H.G. Wells goes for the more whimsical route as should be expected from a story titled 'The Inexperienced Ghost'.  Here a drunk man finds, berates and eventually aids a pitiful ghost he finds lurking in the corridors of his club in an amusing little ditty of a tale with an ending you can see coming a mile off.


W.F. Harvey
Dora Broome's 'The Buggane and the Tailor' has the feel of a folktale about it and, as is often the case with stories of that ilk, ends poorly.

Another author who is a regular in these books is Saki, especially in the form of his werewolf tale, 'Gabriel-Ernest' but this time out it's a story about vindictiveness and reincarnation as the titular 'Laura' continues her habit of picking on her friends husband in various forms following her demise.

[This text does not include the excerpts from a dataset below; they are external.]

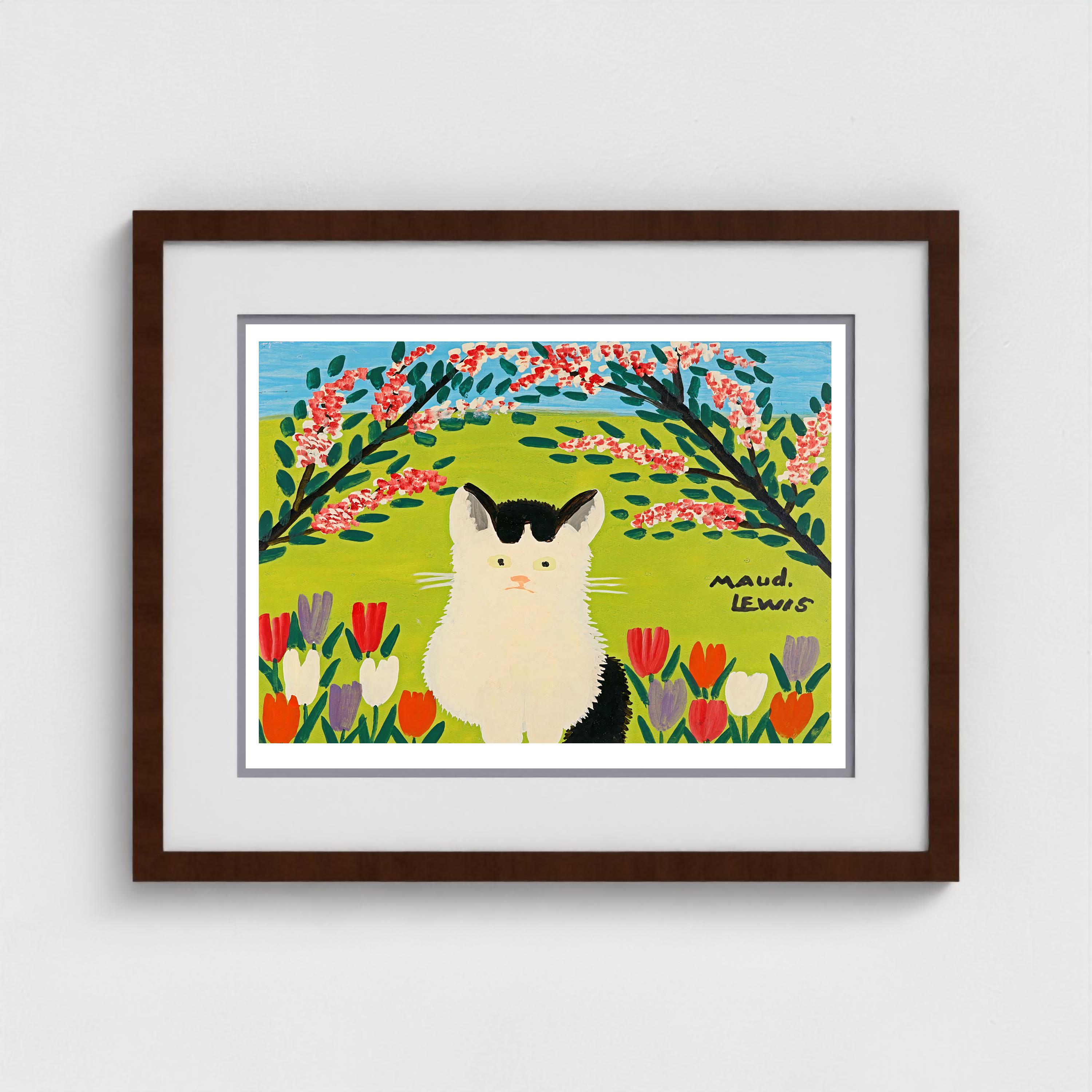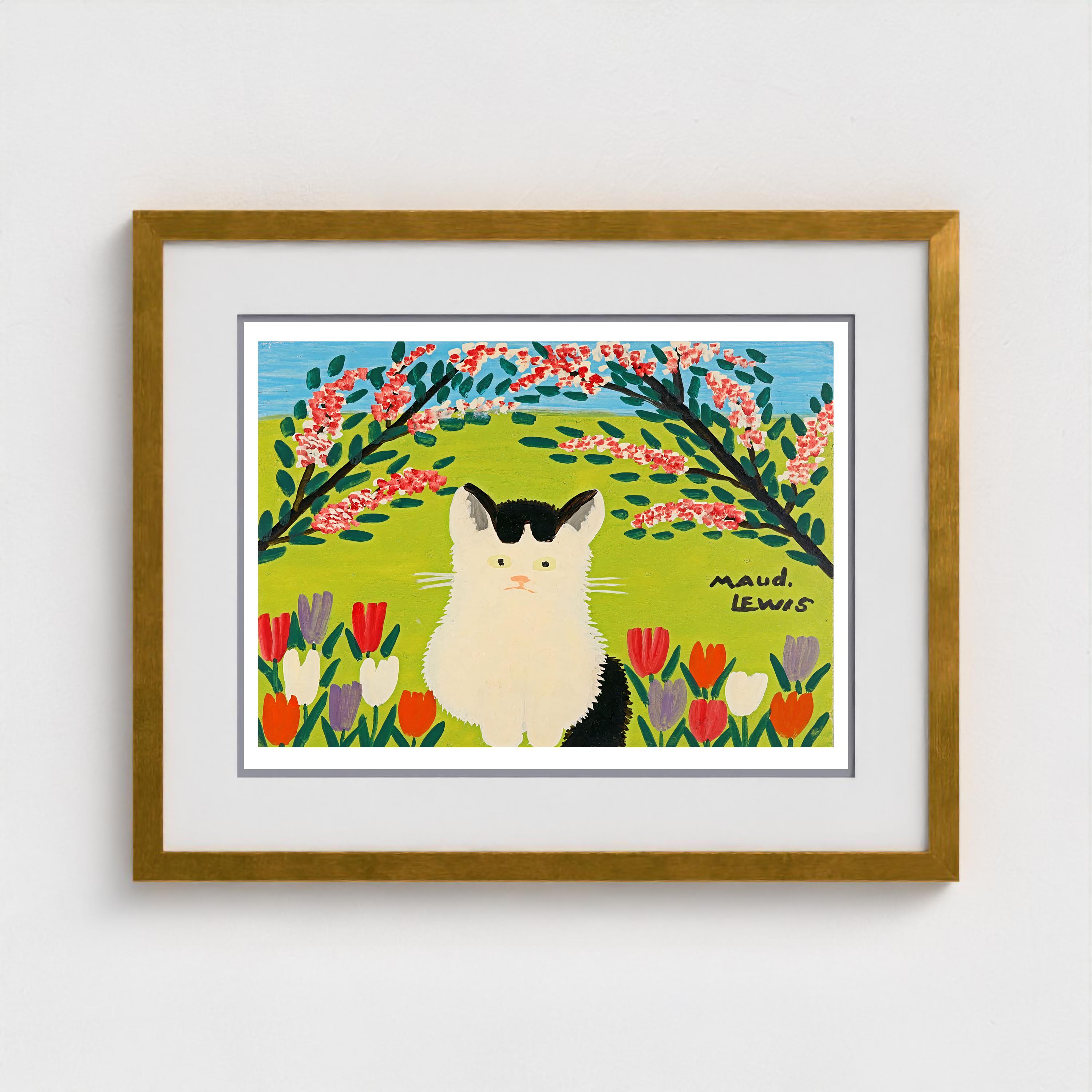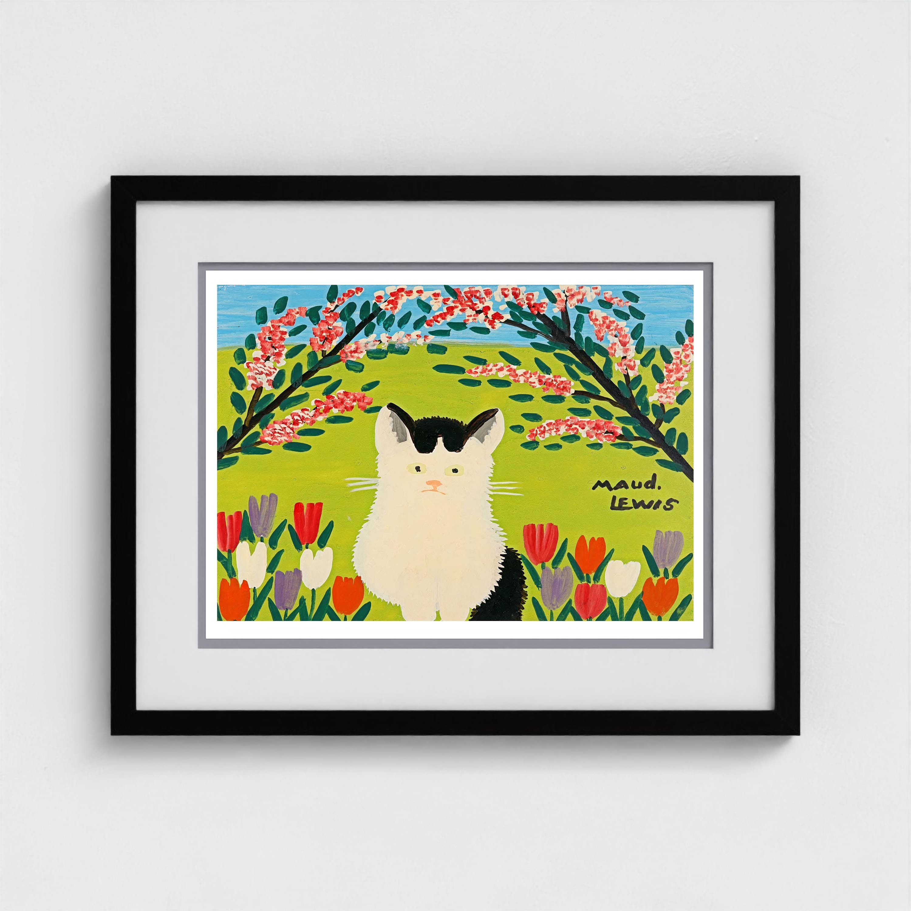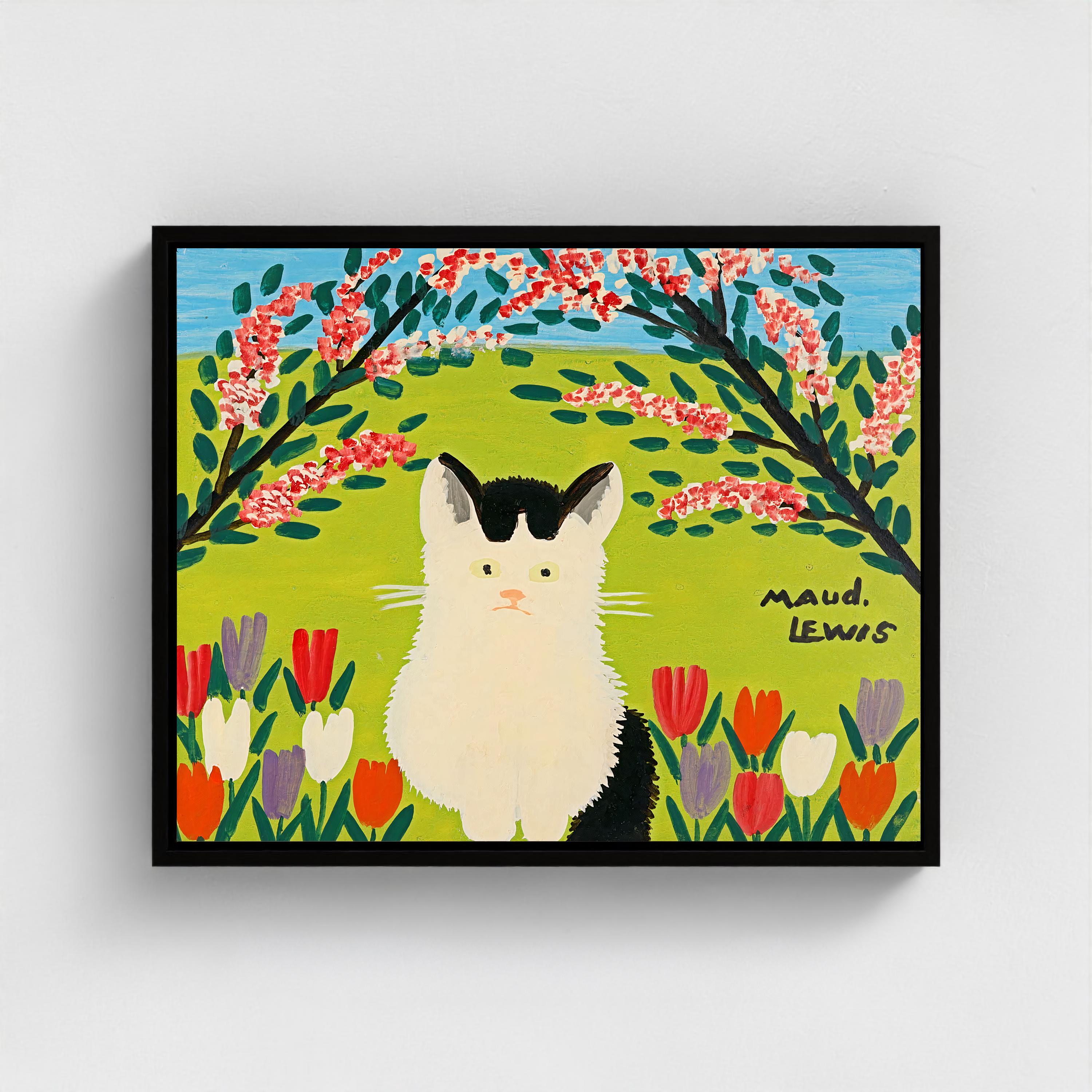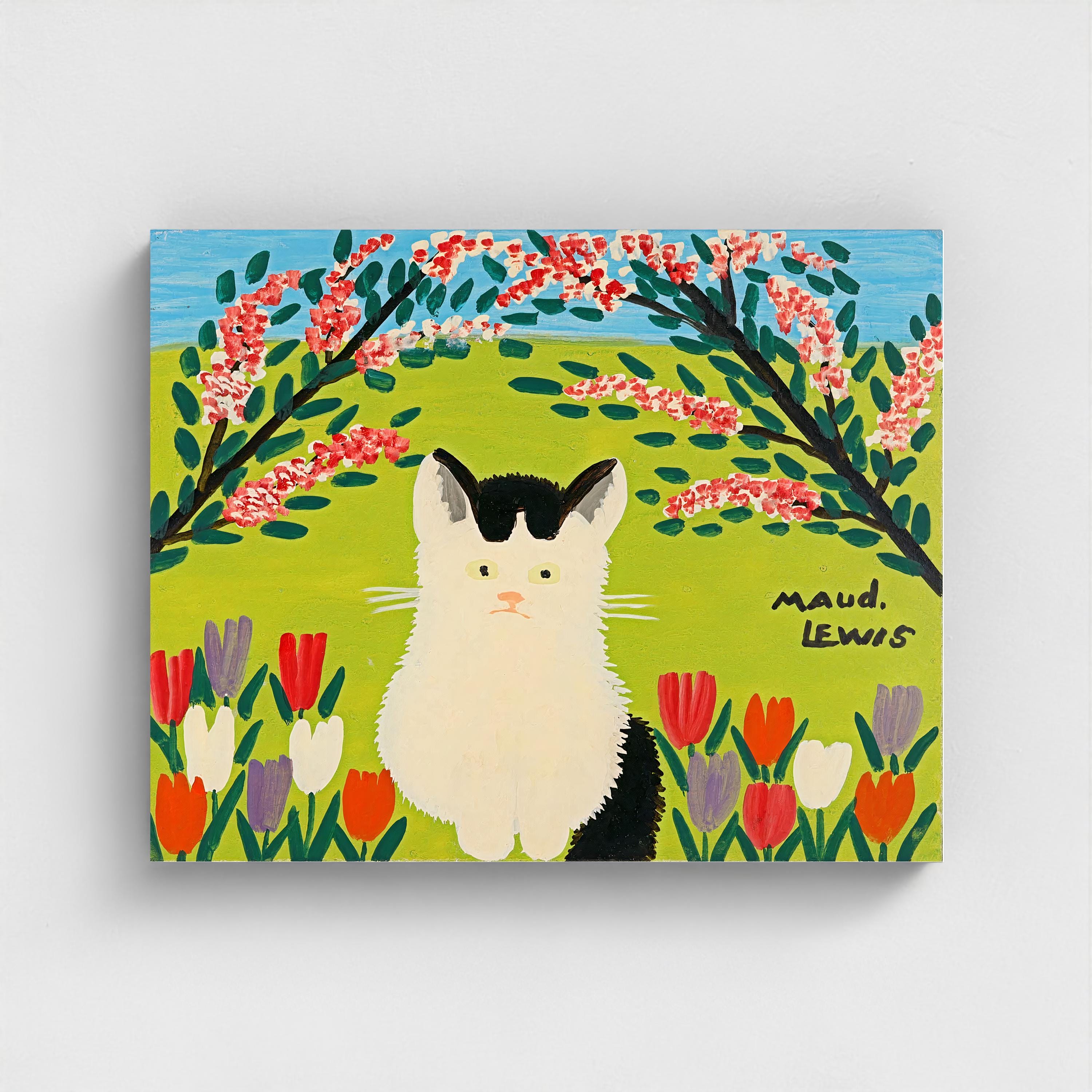 Maud Lewis (1903–1970) is Canada's most beloved folk artist, a painter who saw the world in bright primary colours and never stopped celebrating it. From her tiny roadside home in Marshalltown, Nova Scotia, she filled canvas after canvas with the scenes she loved — fluffy black cats in fields of tulips, oxen hauling logs through fresh snow, jaunty sleighs on country roads, harbours dotted with sailboats under endless blue skies. She learned to paint from her mother as a girl in Yarmouth, and that early gift became a lifelong calling. Working entirely from memory and imagination, Lewis developed a style that is instantly recognizable — bold, warm, and brimming with an optimism that has charmed collectors around the world for decades. Her painted house, covered inside and out with flowers, birds, and butterflies, is now preserved as a permanent exhibit at the Art Gallery of Nova Scotia, and her work is held in major collections including the Canadian Museum of History. The 2016 film Maudie introduced her story to a global audience, but it is the paintings themselves — radiant with colour, alive with Maritime spirit — that continue to draw people in, generation after generation.
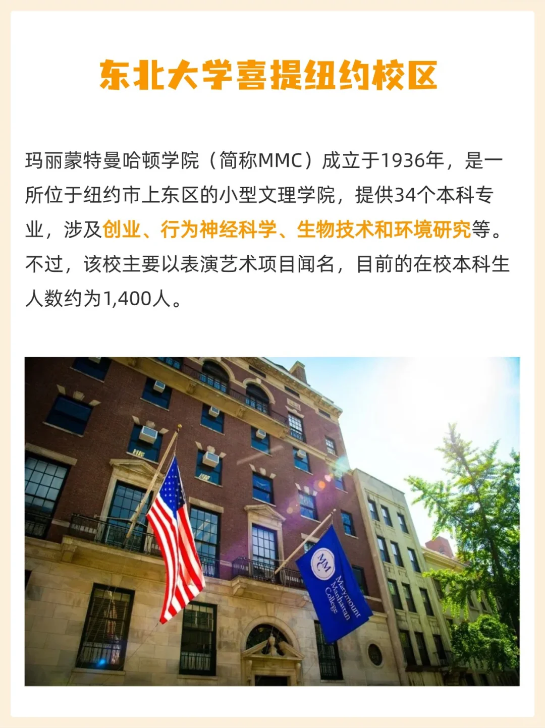 美东时间5月29日,位于波士顿的东北大学(2024 U.S. News全美综合性大学第53名)宣布,位于纽约曼哈顿的的Marymount Manhattan College(玛丽蒙特曼哈顿学院,简称MMC)将被合并为东北大学的新校区——东北大学纽约校区!
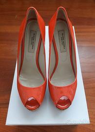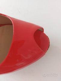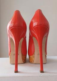 Decolletè spuntate Gianni Marra in pelle di vitello verniciata colore corallo. Altezza tacco 13 cm comprensivo di plateau esterno in sughero verniciato di 3,5 cm. Taglia 39. Manutenzione: spolverare con panno chiaro asciutto. Indossate due volte
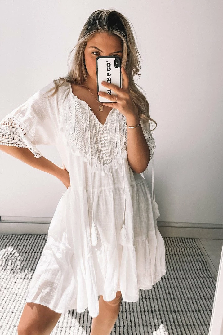 - Key Features: Mini length. Relaxed fit. V neckline. Short sleeve. Lace detailing on neckline, sleeve and back. Tassel detailing. Maternity friendly. Lined skirt (semi sheer). Unlined bust (semi sheer).
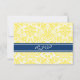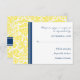Cartes de mariage RSVP dans élégant et contemporain citron clair jaune, bleu marine foncé, blanc classique et chic motif vintage damassé floral classique. Personnalisable avec les détails de votre mariage, disponible dans de nombreux produits mariages correspondants.
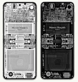 먼저 갤럭시 Z플립4 메종 마르지엘라 에디션의 디자인 특징들을 살펴보면, 메종 마르지엘라 시그니처 컬러인 솔리드 화이트 색상을 베이스로 메종 마르지엘라의 데코르티크 기법에서 영감을 얻은 내부 디자인을 외부로 노출 시킨 듯한 느낌을 살려 Z플립4 실제 내부와 동일한 회로 형상을 후면 디자인에 적용했습니다.
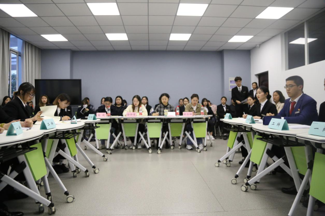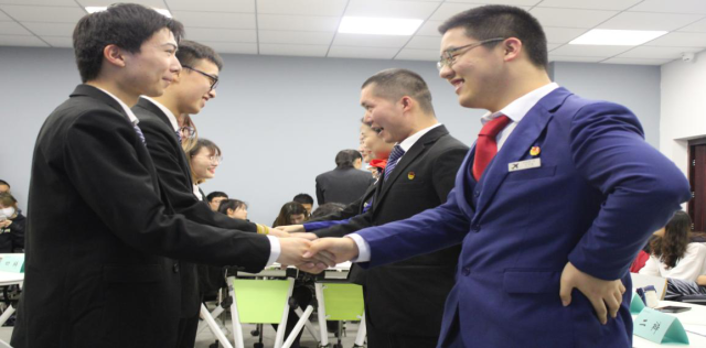赛后双方辩手,握手互相表示尊重。充分展现了南旅院青年学子的魅力所在,赛场上是对手,赛场下是朋友。无畏于输赢,更注重辩论的哲理与升华。
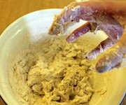 Tip the flour into a large mixing bowl. Add the salt to one side and the yeast to the other, which is important because the salt can retard the yeast. Add the butter and three-quarters of the water. Turn the mixture around with your fingers using a ‘claw hand’.
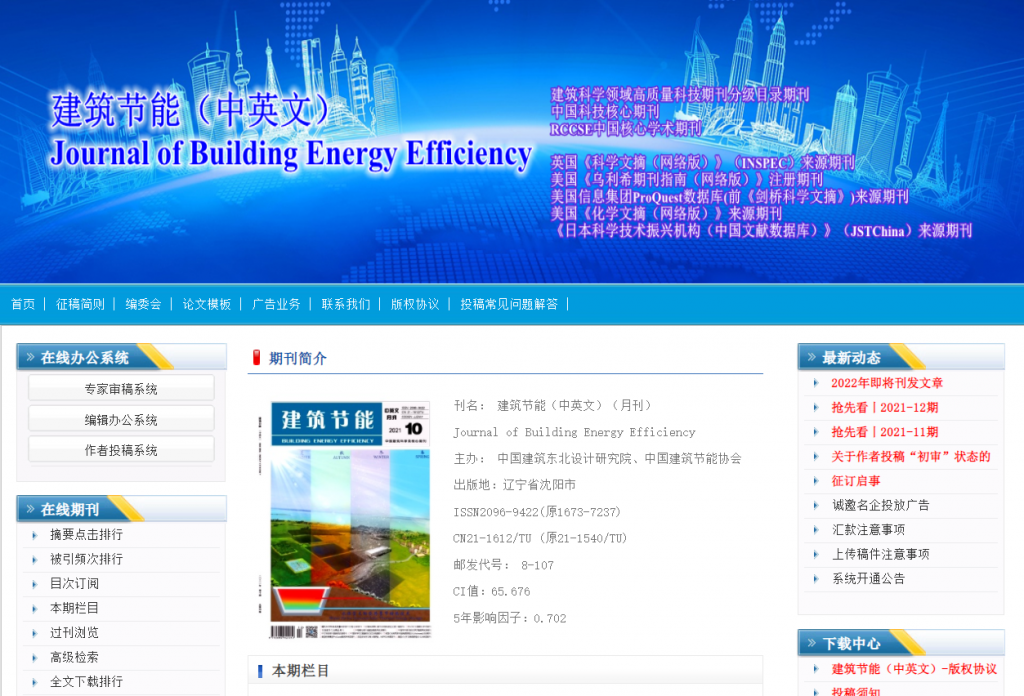 《建筑节能(中英文)》创刊于1973年,曾用刊名《硅酸盐建筑制品》《房材与应用》,是由中国建筑东北设计研究院有限公司主管,中国建筑东北设计研究院有限公司、中国建筑节能协会主办、中华人民共和国住房和城乡建设部建筑节能中心、清华大学建筑节能中心和中国建筑学会建筑材料分会协办的建筑节能专业技术期刊。据2020年3月4日中国知网显示,《建筑节能(中英文)》共出版文献9404篇、总被下载960733次、总被引24873次,(2019版)复合影响因子为0.611、(2019版)综合影响因子为0.339。据2020年3月4日万方数据知识服务平台显示,《建筑节能(中英文)》共载文5455篇、基金论文量为1479篇、被引量为24476次、下载量为239491次,2017年影响因子为0.71。

R. Blakeborough's 'The Betrayal of Nance' is another folktale-esque story this time filled to the brim with betrayal, loss and attempts at redemption from beyond the grave whilst redemption is the last thing on the mind of 'The Beast With Five Fingers' as W.F. Harvey spins a terrific yarn about the murderous creature and the attempts to thwart it.


Andrew Lang
Harvey's tale is really the last hurrah of this fun collection as the final two stories, 'The Night the Ghost Got In' by James Thurber and Andrew Lang's 'The Story of Glam' are amusing but very slight in the case of the former and veering once more into pesky folktale territory with the later which is hardly surprising given his status as the author of the 25 collections of variously coloured 'Fairy Books'.

And so the book ends - for me at least - on an undeserved low note.  Undeserved because for the most part this was a thoroughly enjoyable set that offered a number of highlights whilst the few disappointments were also relatively short lived.